It's easy to get caught up in trying to find the perfect product, but we often miss one of the most crucial parts of our diet: good old-fashioned water.
You probably already know that about 70 percent of the human body is made up of water, and it’s absolutely essential to human life. Water is like a liquid shuttle that transports elements like nutrients, proteins, hormones, and other chemical signals to where they’re needed most in our bodies.
And yet many of us are dehydrated and don’t even know it, suffering from a number of health conditions when a few extra glasses of water might make a world of difference. After all, water helps to reduce pain, diminishes hunger, keeps our poop flowing, and sweeps toxins away.
But what do you do if you struggle to drink enough water on a daily basis, whether it's because you hate it or find it utterly boring?
Here are some of my favorite ways to give your hydration a healthy, enjoyable makeover:
1. Drink high-quality water.
If you can’t stand the taste of water, the type of water you’re drinking could be the culprit. Chemicals that cities add to water, such as chlorine and fluoride, can influence the flavor of water as well as interfere with our health.

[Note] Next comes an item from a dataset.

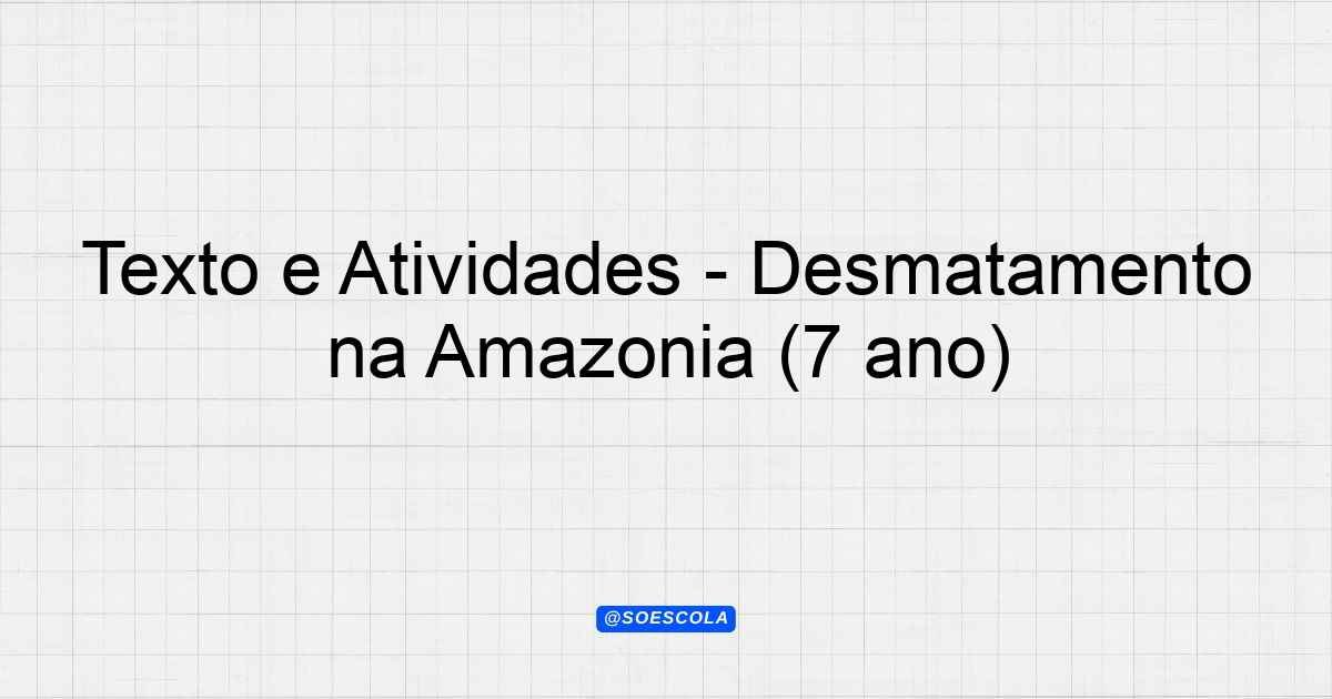 Continue lendoNesta postagem vamos disponibilizar um texto e atividades para trabalhar com alunos do 7º ano na disciplina Geografia. Tema: Desmatamento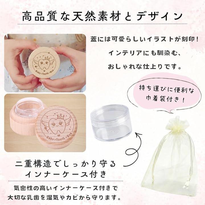 「高品質な天然素材とデザイン」 温かみのある天然木を使用した乳歯入れは、気密性の高いインナーケース付きで大切な乳歯を湿気やカビから守ります。

Make sure you're drinking an unpolluted source of water, either from a natural spring or a water filtration system. You might find that drinking clean water makes a huge difference.
2. Toss in healing herbs.
Invigorate water’s flavor profile by infusing it with fresh herbs and spices. Peppermint, cinnamon sticks, ginger, lavender, rosemary, basil, and parsley are all lovely options and bestow a variety of anti-inflammatory and health benefits. Give ’em a try — but not all at once, of course.
3. Use fresh fruit.
Use a handful or two of fresh, seasonal fruit to give your water extra pizzazz and aroma. Berries, citrus, and stone fruits are loaded with sweetness, tang, and antioxidants that will help the water go down a whole lot easier. Plus, you can eat the fruits when you’re done — think of it like sangria!
4. Try food-grade essential oils.
For a quick flavor fix, add a few drops of food-grade essential oil to your water pitcher. This allows you to glean the flavor and health benefits if you’re not in the mood to chop fresh fruits and vegetables, or if your favorites are out of season.
Lavender, peppermint, and tangerine are my top choices, but feel free to explore your must-haves.
5. Choose herbal teas.
If you’re a tea fan, you’ll love this option. Herbal teas are delicious and they won’t dehydrate you like their caffeinated counterparts. Teas are wonderful for hydration because you can enjoy them both hot and cold, depending on the weather. Chilled herbal tea is also great as a base for smoothies.
6. Remember, fruits and veggies count.
Everyday fruits and vegetables are loaded with water — so if you’re consuming plenty of plants you’ll have no trouble meeting your daily water quota.
Cucumber, lettuce, celery, zucchini, tomato, sweet potato, carrots, spinach, broccoli, melons, and berries contain high amounts of water — but really, you simply can’t go wrong with most fruits and veggies.
7. Make it bubbly.
Don’t like flat water? Add bubbles! You can create your own carbonated water with a home sparkling water machine or purchase soda water at the store. Be careful with store-bought versions, though. Watch for any artificial flavors or colorings, as these definitely won’t support our health goals.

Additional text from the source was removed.